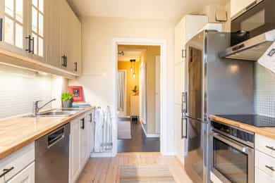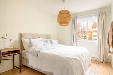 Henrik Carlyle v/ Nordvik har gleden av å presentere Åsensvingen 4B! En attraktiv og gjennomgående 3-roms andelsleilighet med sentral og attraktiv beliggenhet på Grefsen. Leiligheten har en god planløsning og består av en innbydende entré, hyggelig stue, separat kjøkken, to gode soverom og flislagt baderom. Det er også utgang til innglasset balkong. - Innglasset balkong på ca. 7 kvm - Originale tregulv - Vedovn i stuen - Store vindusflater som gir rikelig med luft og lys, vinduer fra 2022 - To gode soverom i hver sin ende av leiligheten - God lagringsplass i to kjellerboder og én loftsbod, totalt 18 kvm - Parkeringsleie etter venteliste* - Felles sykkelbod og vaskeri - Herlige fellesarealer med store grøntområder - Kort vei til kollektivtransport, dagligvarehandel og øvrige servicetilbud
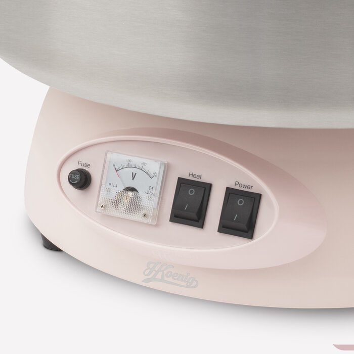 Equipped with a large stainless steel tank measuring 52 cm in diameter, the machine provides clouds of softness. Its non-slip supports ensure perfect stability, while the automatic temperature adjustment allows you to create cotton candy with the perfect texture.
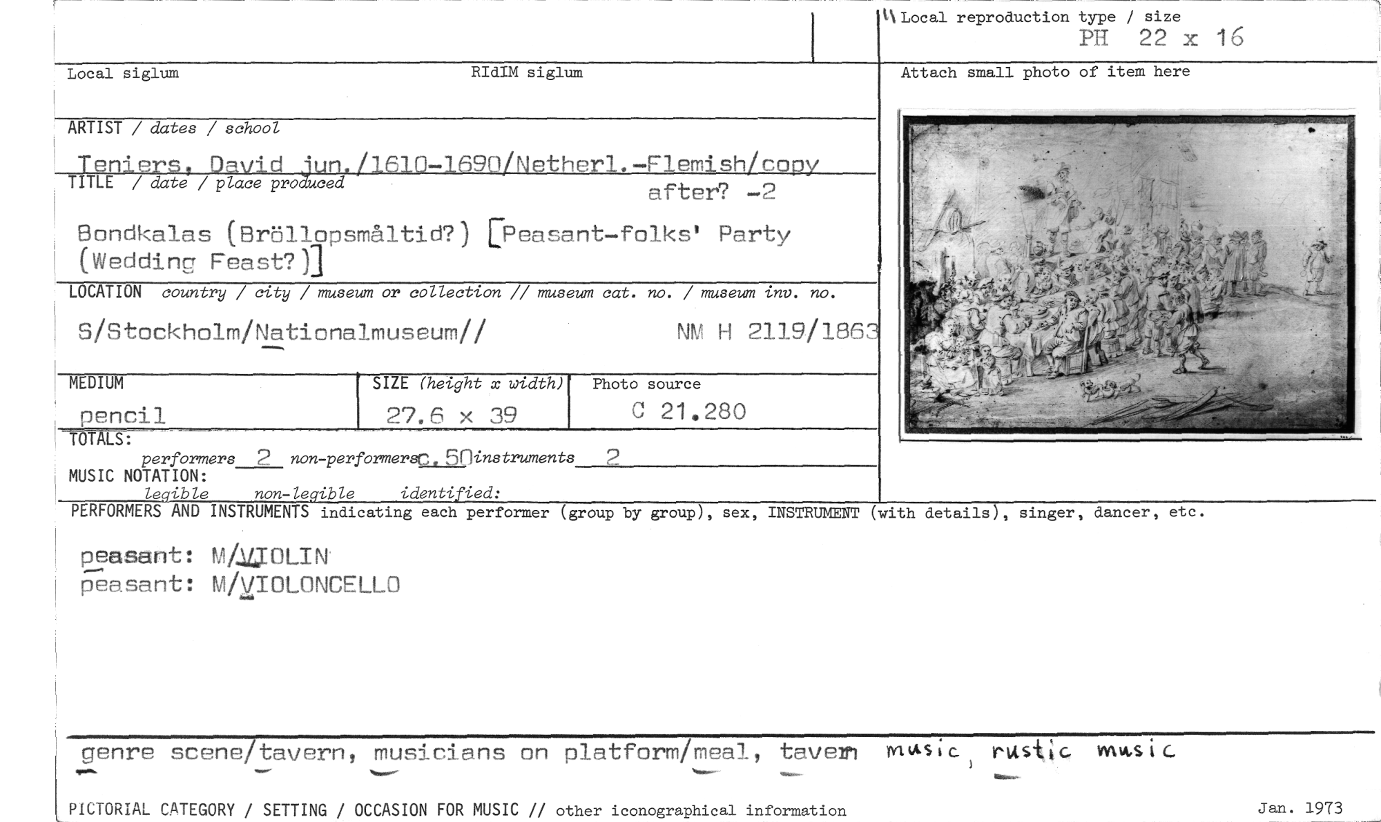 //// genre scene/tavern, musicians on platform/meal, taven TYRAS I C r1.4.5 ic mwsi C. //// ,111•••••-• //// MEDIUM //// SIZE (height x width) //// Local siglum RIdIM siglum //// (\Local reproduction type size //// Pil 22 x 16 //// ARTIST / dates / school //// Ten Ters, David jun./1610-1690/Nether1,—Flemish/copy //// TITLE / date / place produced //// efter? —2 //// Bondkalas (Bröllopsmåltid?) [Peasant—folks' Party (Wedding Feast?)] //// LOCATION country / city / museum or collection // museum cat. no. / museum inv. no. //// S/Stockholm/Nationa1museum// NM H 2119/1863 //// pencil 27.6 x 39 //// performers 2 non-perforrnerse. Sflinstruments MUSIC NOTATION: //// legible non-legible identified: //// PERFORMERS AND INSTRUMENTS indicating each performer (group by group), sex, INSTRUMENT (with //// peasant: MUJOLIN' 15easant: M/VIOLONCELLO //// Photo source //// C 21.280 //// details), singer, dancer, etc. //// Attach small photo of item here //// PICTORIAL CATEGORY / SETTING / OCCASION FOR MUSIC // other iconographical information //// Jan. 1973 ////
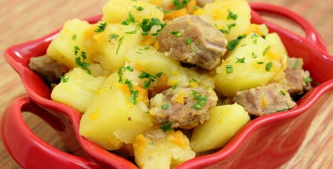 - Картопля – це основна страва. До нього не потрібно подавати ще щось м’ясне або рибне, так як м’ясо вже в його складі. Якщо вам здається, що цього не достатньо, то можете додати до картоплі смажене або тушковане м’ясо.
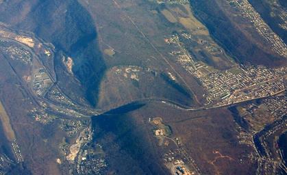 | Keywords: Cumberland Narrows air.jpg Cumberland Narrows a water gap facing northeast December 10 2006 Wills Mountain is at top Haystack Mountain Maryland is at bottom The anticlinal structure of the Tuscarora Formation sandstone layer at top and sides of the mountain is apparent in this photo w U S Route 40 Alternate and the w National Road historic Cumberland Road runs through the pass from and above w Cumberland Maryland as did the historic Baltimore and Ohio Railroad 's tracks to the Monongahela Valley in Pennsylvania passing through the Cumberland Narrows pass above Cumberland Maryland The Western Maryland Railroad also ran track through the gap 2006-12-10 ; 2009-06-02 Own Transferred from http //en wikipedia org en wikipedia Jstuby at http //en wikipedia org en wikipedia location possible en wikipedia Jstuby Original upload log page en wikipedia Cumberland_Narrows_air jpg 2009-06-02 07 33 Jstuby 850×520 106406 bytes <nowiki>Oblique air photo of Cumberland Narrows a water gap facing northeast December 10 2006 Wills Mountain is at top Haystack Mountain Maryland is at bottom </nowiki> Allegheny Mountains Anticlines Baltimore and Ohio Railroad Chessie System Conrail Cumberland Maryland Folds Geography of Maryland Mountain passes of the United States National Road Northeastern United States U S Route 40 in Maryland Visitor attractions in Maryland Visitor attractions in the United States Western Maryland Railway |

○ ○ ○ ○

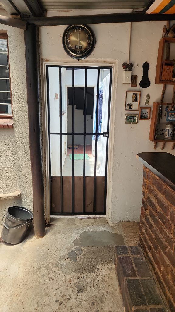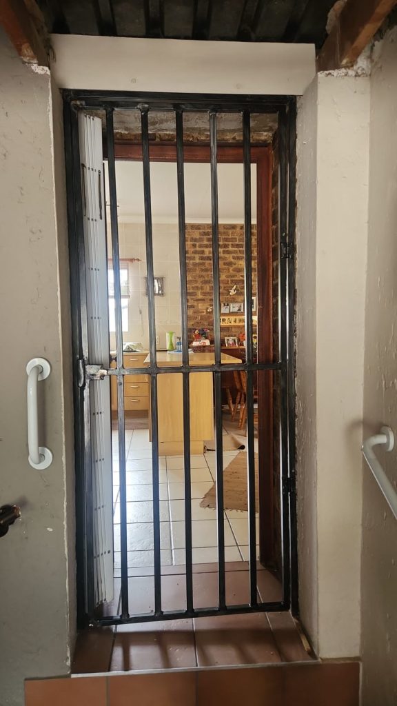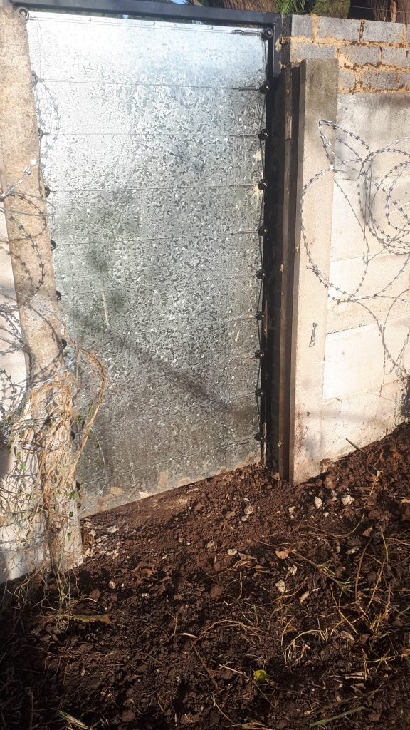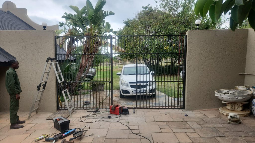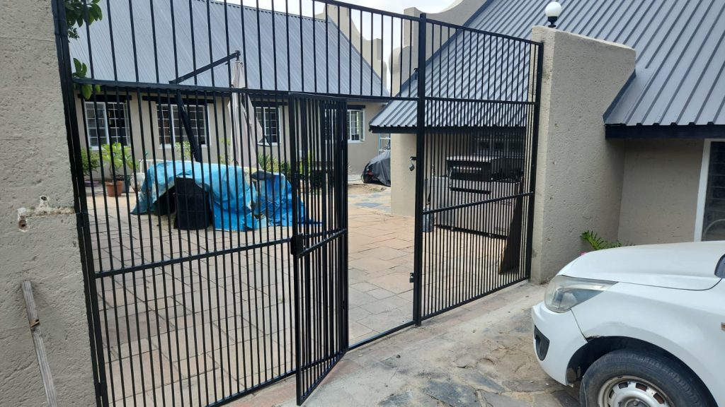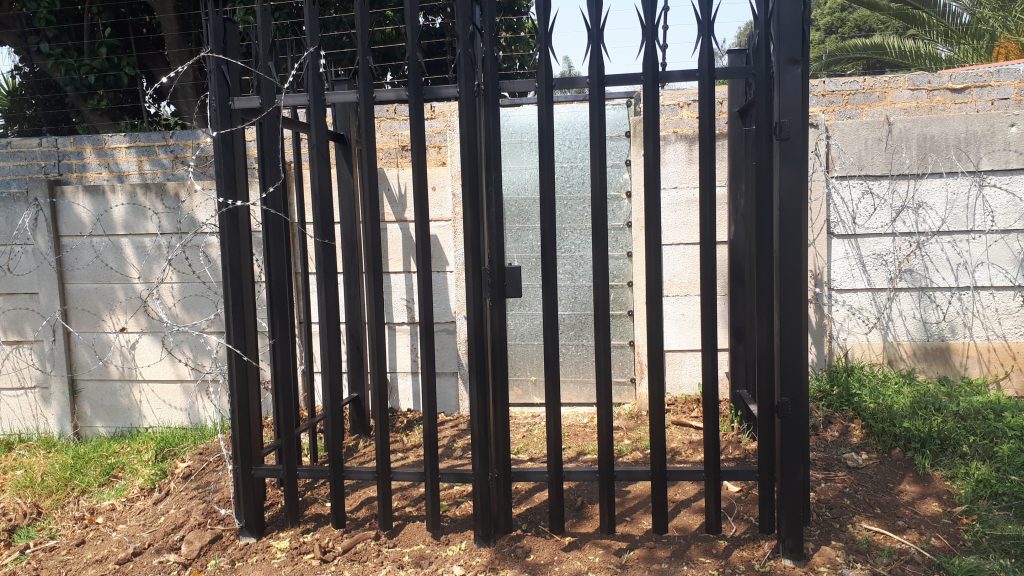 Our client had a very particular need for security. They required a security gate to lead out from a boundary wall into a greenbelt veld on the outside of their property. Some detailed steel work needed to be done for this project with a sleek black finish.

○ ○ ○ ○

Task prompt —
Give again the stretch of the entries above that begins at the line with "Henrik Carlyle v/" and ends at the line with "Equipped with a", word for word, with no pictures.

Task solution —
 Henrik Carlyle v/ Nordvik har gleden av å presentere Åsensvingen 4B! En attraktiv og gjennomgående 3-roms andelsleilighet med sentral og attraktiv beliggenhet på Grefsen. Leiligheten har en god planløsning og består av en innbydende entré, hyggelig stue, separat kjøkken, to gode soverom og flislagt baderom. Det er også utgang til innglasset balkong. - Innglasset balkong på ca. 7 kvm - Originale tregulv - Vedovn i stuen - Store vindusflater som gir rikelig med luft og lys, vinduer fra 2022 - To gode soverom i hver sin ende av leiligheten - God lagringsplass i to kjellerboder og én loftsbod, totalt 18 kvm - Parkeringsleie etter venteliste* - Felles sykkelbod og vaskeri - Herlige fellesarealer med store grøntområder - Kort vei til kollektivtransport, dagligvarehandel og øvrige servicetilbud
 Equipped with a large stainless steel tank measuring 52 cm in diameter, the machine provides clouds of softness. Its non-slip supports ensure perfect stability, while the automatic temperature adjustment allows you to create cotton candy with the perfect texture.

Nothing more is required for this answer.